Work task
Only the lines from the one containing "1 kép WAU DOG" through the end of the listing belong in the answer, repeated exactly, with no pictures.

Given material

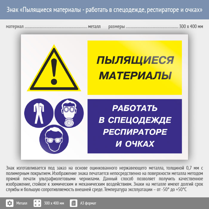 Знак «Пылящиеся материалы - работать в спецодежде, респираторе и очках», КЗ-79 (металл, 400х300 мм) в Ижевске купить
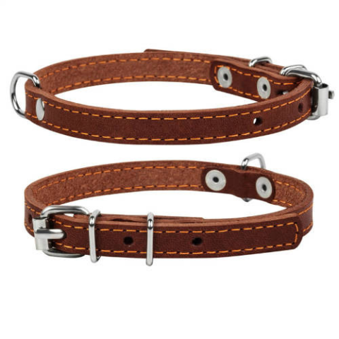 1 kép WAU DOG 1-Ply bőr Nyakörv 10mm, 22-30cm, barna
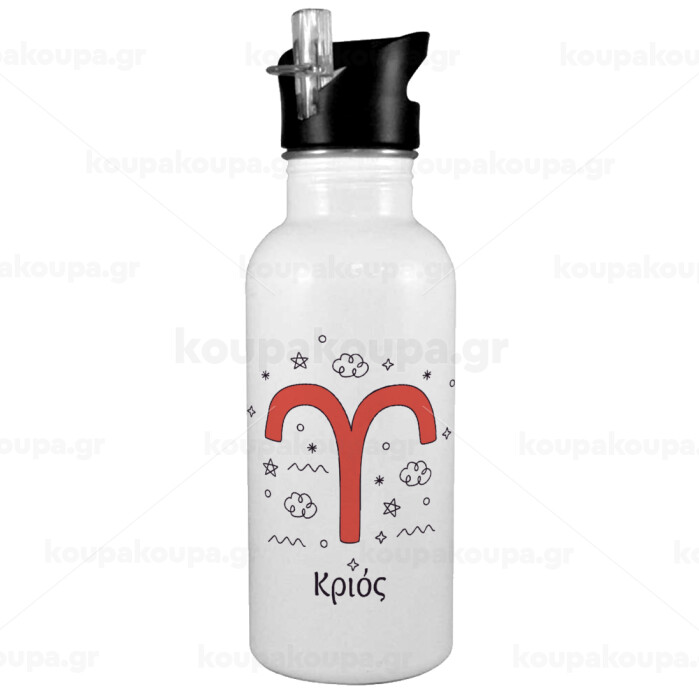 Ζώδια Κριός, White water bottle with straw, stainless steel 600ml
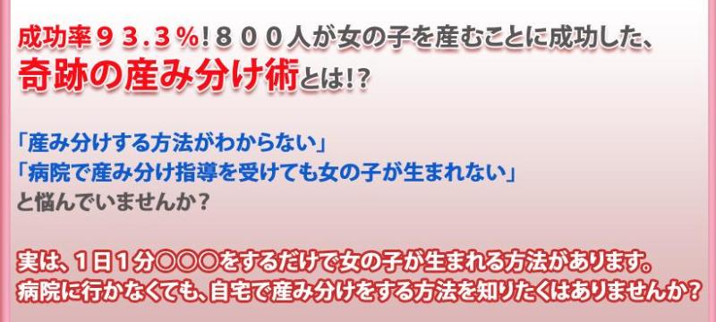 あなたも●念願の女の子が授かりやすくなります。●40代以上の高齢の方でも産み分けしやすくなります。しかも、自宅で時間とお金をかける事なくあなた自身の力でです!奇跡の女の子産み分け術

Written solution
 1 kép WAU DOG 1-Ply bőr Nyakörv 10mm, 22-30cm, barna
 Ζώδια Κριός, White water bottle with straw, stainless steel 600ml
 あなたも●念願の女の子が授かりやすくなります。●40代以上の高齢の方でも産み分けしやすくなります。しかも、自宅で時間とお金をかける事なくあなた自身の力でです!奇跡の女の子産み分け術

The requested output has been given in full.